Глава 34

Мэддокс

Мила вернулась к своей обычной жизнерадостности так, что это лишь подтвердило невероятную стойкость детей… её стойкость. Всю неделю она не замолкала, бесконечно рассказывая о своих чёртовых пряничных историях в школе, пока я не начал видеть их даже во сне. За всё это время у неё был всего один кошмар. Её крики через радионяню буквально выбросили меня из кровати — я бросился в её комнату, поднял на руки и отнёс обратно к нам, устроив её между МакКенной и мной. Мы оба всю ночь смотрели, как она спит.

И каждый раз, когда МаК смотрела на Милу, в её глазах появлялась такая нежность, что у меня перехватывало дыхание. Если бы обе мои девочки не смотрели на меня точно так же — с любовью и восхищением, — я, наверное, даже почувствовал бы себя лишним. Но вместо этого мне казалось, что я снова обрёл часть своей души, которая долгие годы блуждала где-то в пустоте.

Спустя чуть больше недели после худшего дня в моей жизни мама и отец устроили на ранчо вечеринку для Сэди, которую наконец выписали из больницы. Она передвигалась на костылях с шиной на ноге, но была чертовски решительно настроена восстановить подвижность. Формально праздник был в её честь, но на самом деле… мы все отмечали тот день, когда спасли друг друга.

На ранчо собралась целая толпа родственников и местных жителей. Было шумно, весело, почти хаотично, но в самом лучшем смысле этого слова. Мила наслаждалась вниманием, носилась среди гостей, которых встречали как местную героиню. А вот Мак немного отстранилась — и это напомнило мне её первую вечеринку у нас на ранчо, когда шум и суета заставили её спрятаться на веранде.
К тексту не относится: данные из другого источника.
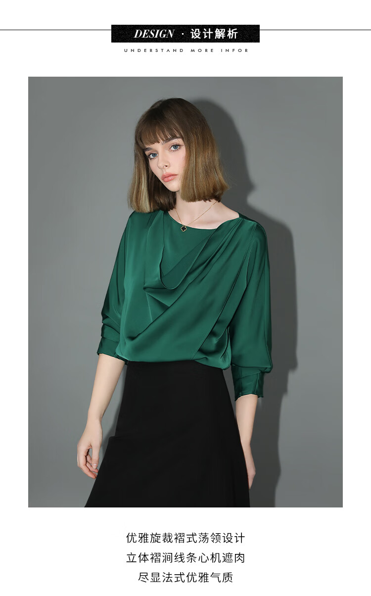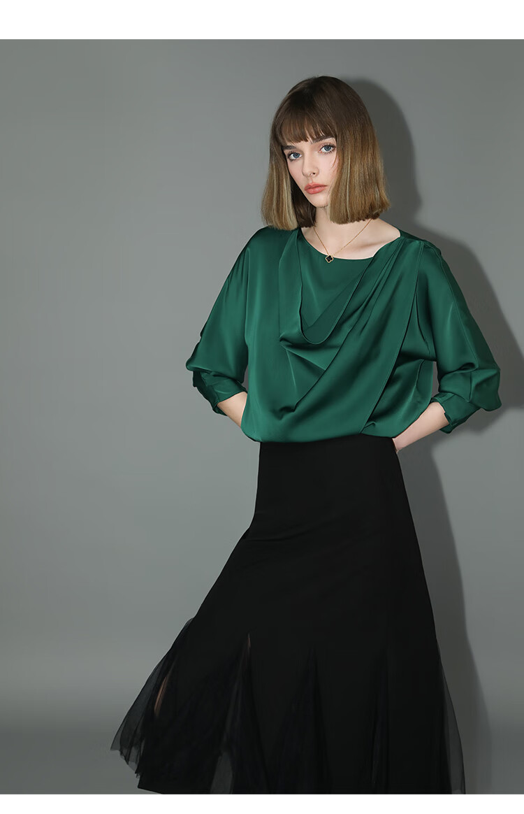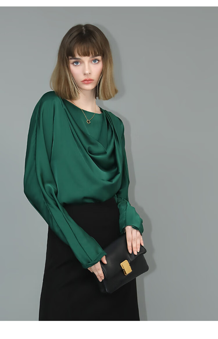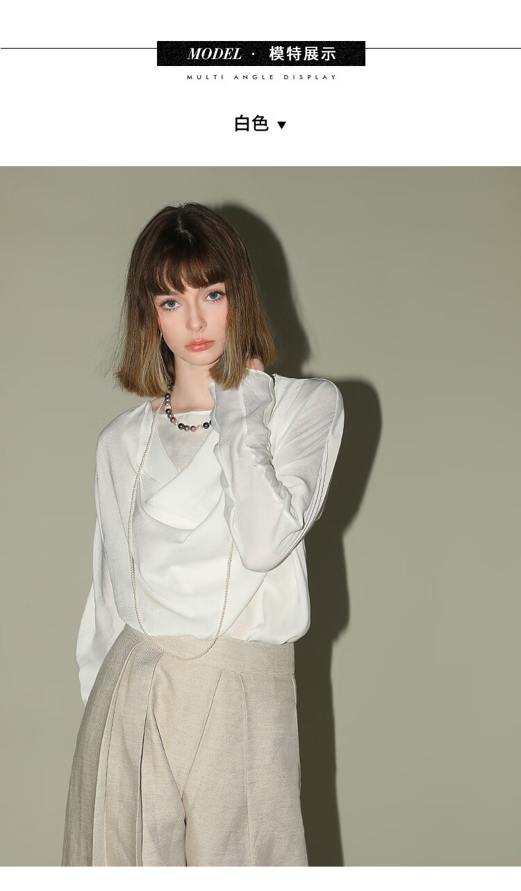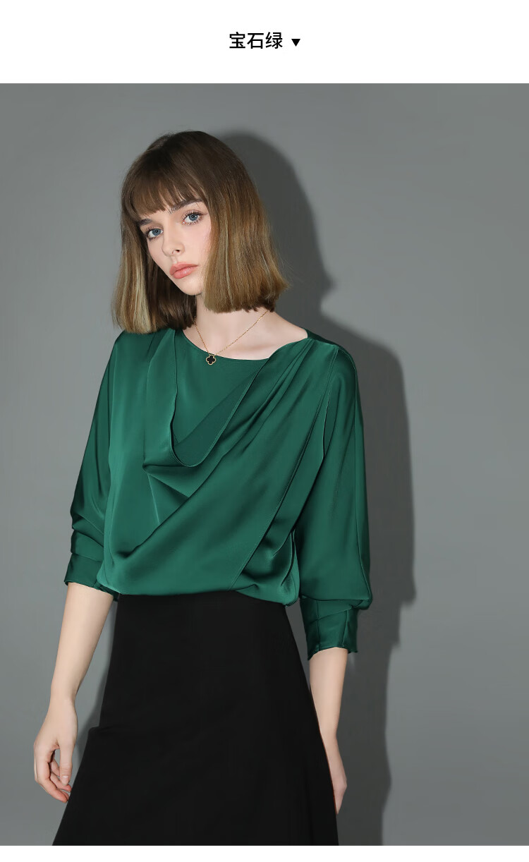 【秒杀】COCOBELLA设计感荡领缎面衬衫精致围巾领温柔通勤衬衫SR0007
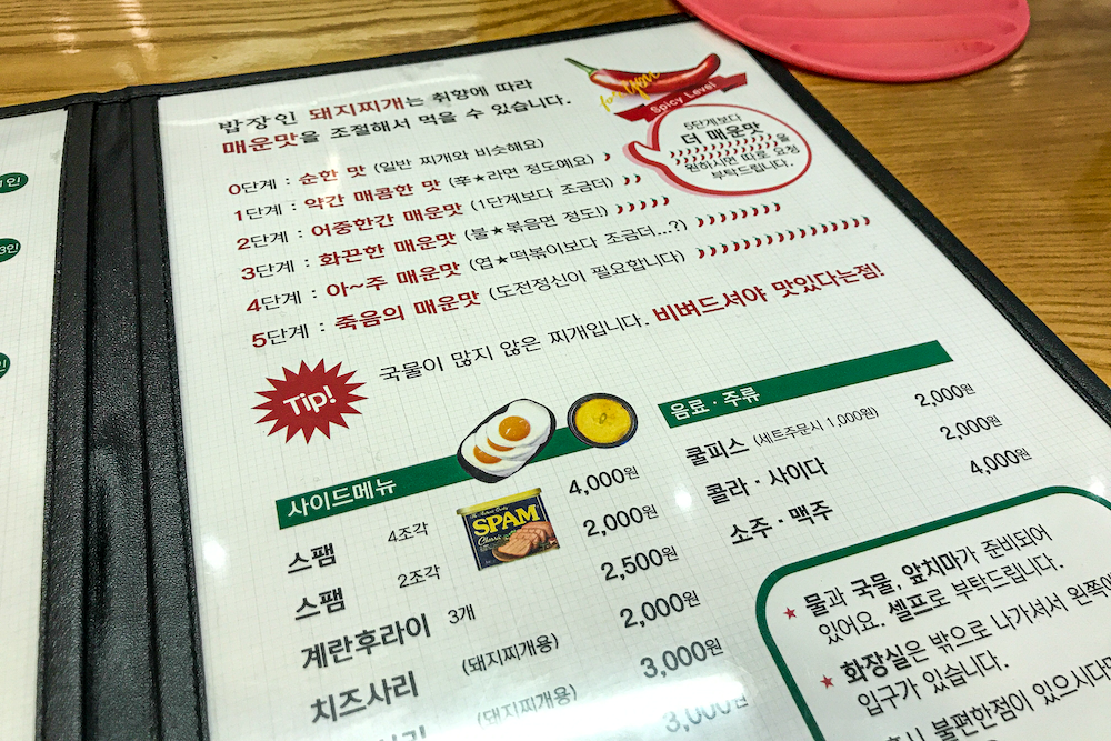 밥장인돼지찌개의 독특한 점은 매운맛의 단계를 조절하는 것이 가능하다고 한다. 이때 겁이 나서 2단계를 먹었더니 ㅜㅜ 매운 거 못 드셔도 3단계는 가능할 듯하다. 밥장인 돼지찌개와 계란 후라이가 같이 나오는 세트를 주문하고 스팸을 사이드 메뉴로 추가했다.
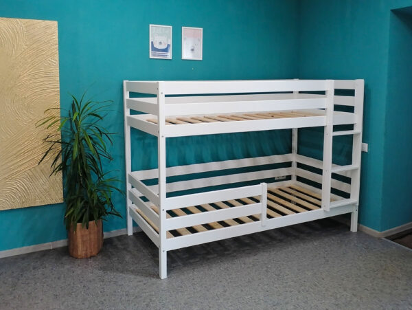 Двухъярусная кровать из массива березы «Вуди-4» без ящиков (белый)

Я тоже отправился её искать и нашёл там же.

Она опиралась на перила, глядя на туман, клубящийся над землёй. День был холодным, в воздухе уже чувствовалось приближение зимы. МакКенна поёжилась, и я притянул её к себе, позволяя нашему теплу слиться воедино.

— О чём задумалась? — спросил я, мягко целуя её в висок.
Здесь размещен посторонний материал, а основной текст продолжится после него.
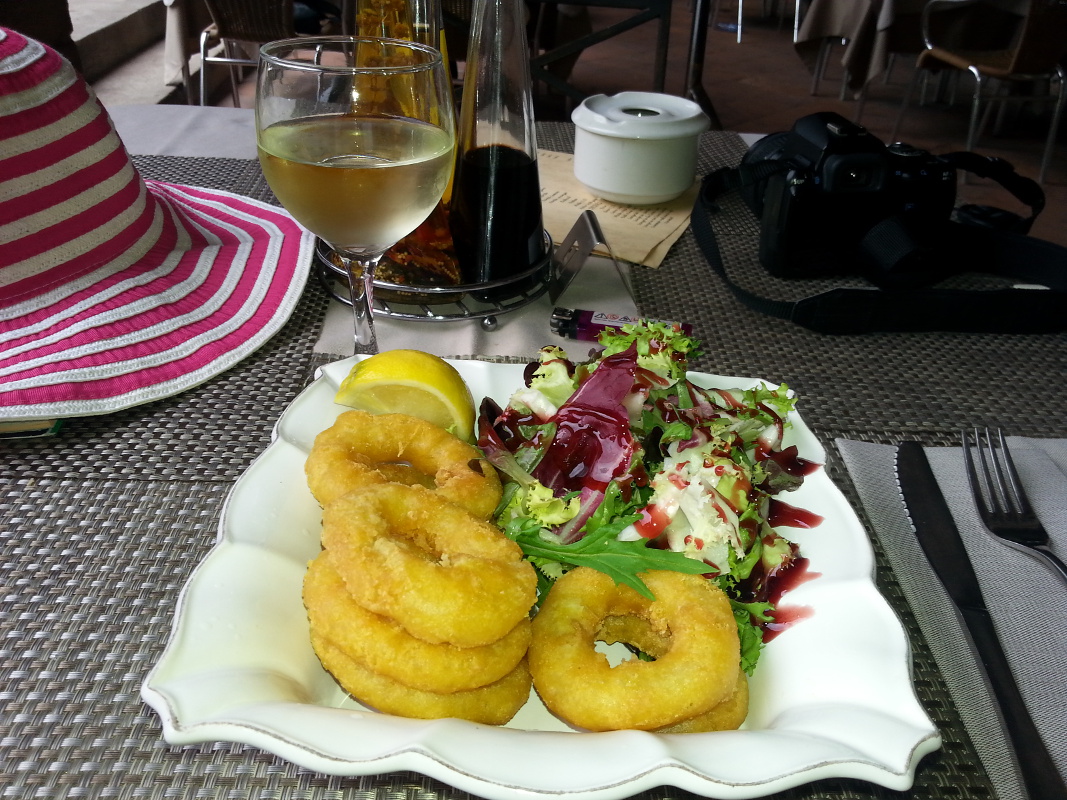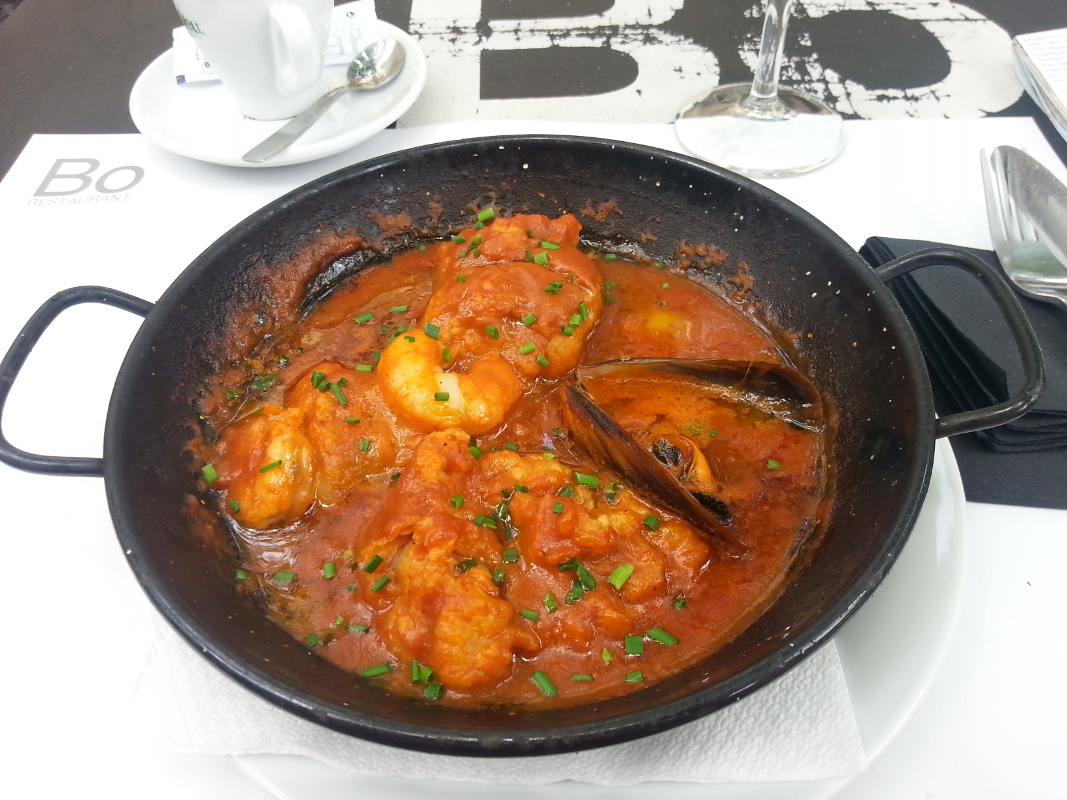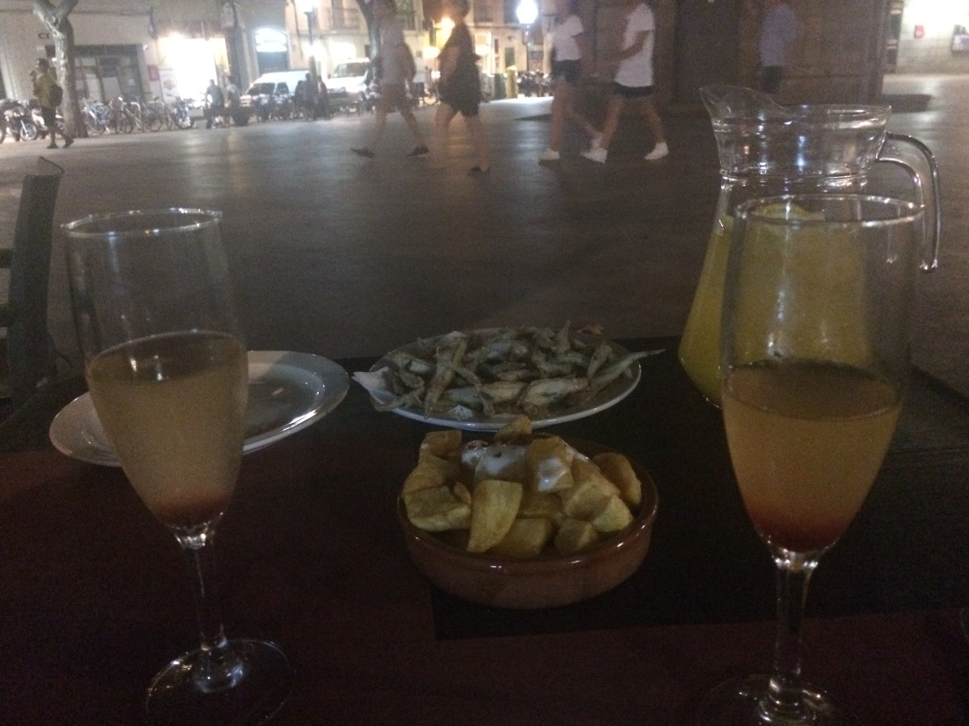 Kuchnia hiszpańska jest bardzo smaczna, ale niestety nie należy do najbardziej dietetycznych 😉 Jednym ze specjałów są Bombas – kartoflane krokiety z mielonym mięsem i czosnkowym sosem. Kaloryczna pycha 😉 Patas bravas – pieczone ziemniaczki z sosem ostrym i czosnkowym. Chipirones – małe opiekane kalmarki. Mejillones a la marinera – małże w sosie marinera. W tym roku odkryłam mątwę (sepia) – bardzo mięsista, w smaku bardziej przypomina rybę niż owoce morza. Bardzo dobra. Pescaditos – to małe pieczone rybki, bardzo fajna zakąska do wina. Podejrzewam, że paellę też tam maja dobrą, choć tam nigdy nie próbowałam.

— Мне звонили из прокуратуры Дейвиса, — сказала она, сжимая мои бицепсы ладонями. — Благодаря твоей наводке они нашли магазин, в котором покупали те одноразовые телефоны. И на камерах видно, как их покупает доктор Грегори. Прокурор хотела сообщить, что против него выдвигают обвинения.
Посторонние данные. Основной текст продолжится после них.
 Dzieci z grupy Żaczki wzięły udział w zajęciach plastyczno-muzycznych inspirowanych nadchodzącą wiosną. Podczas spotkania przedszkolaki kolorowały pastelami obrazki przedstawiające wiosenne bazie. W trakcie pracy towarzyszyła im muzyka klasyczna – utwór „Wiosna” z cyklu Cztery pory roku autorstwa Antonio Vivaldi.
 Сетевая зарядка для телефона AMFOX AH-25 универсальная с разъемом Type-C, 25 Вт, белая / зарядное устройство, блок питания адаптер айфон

Она повернулась в моих объятиях, провела пальцами по моей щеке.

— Спасибо, — сказала она, а потом поцеловала меня. Так же, как целовала всю неделю — жадно, но с ноткой грусти, будто каждый раз мог оказаться последним. Я пытался не позволить своим страхам взять верх, потому что чувствовал в её каждом прикосновении, в каждом слове её решимость вернуться. Ко мне. К нам.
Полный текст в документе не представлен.